■ **Instructions for the task**: Once you find the line with "The Open Bracket" in the entries below, print it and each line after it up to and including the line with "- Joey Ortiz", exactly, without pictures.

___ Data excerpts ___

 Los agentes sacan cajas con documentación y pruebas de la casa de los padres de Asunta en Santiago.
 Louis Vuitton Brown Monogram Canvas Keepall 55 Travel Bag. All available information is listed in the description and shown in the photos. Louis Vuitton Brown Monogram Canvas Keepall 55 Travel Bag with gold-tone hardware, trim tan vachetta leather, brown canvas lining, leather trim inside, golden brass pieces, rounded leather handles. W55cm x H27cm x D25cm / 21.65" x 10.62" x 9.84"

___
___ Data excerpts ___

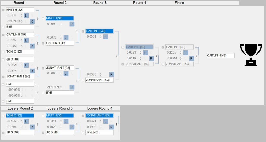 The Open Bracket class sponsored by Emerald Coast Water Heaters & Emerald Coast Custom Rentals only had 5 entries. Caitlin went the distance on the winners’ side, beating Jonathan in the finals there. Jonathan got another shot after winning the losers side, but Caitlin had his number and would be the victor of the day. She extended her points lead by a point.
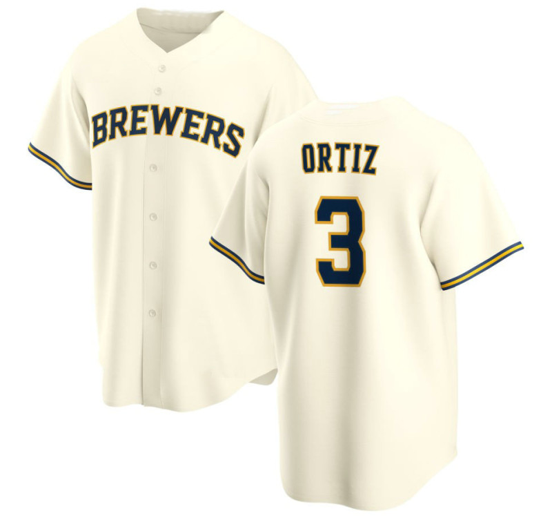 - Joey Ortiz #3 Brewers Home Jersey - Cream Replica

___
___ Data excerpts ___

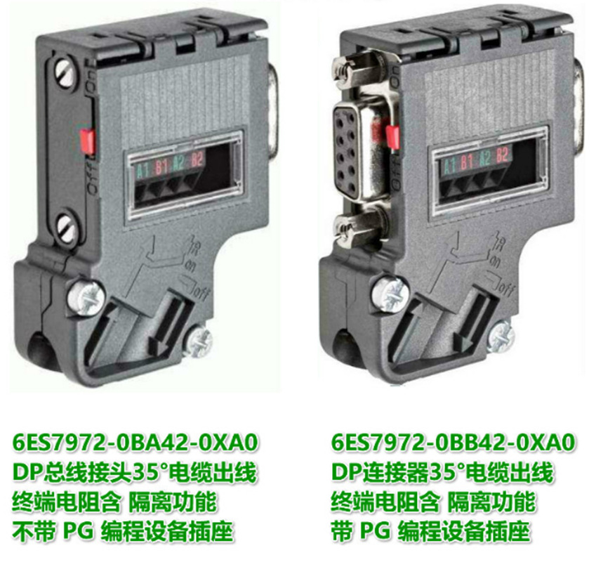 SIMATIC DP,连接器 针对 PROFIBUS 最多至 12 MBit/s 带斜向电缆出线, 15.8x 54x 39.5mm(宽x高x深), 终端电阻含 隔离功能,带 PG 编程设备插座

___

■ **Answer box**:
 The Open Bracket class sponsored by Emerald Coast Water Heaters & Emerald Coast Custom Rentals only had 5 entries. Caitlin went the distance on the winners’ side, beating Jonathan in the finals there. Jonathan got another shot after winning the losers side, but Caitlin had his number and would be the victor of the day. She extended her points lead by a point.
 - Joey Ortiz #3 Brewers Home Jersey - Cream Replica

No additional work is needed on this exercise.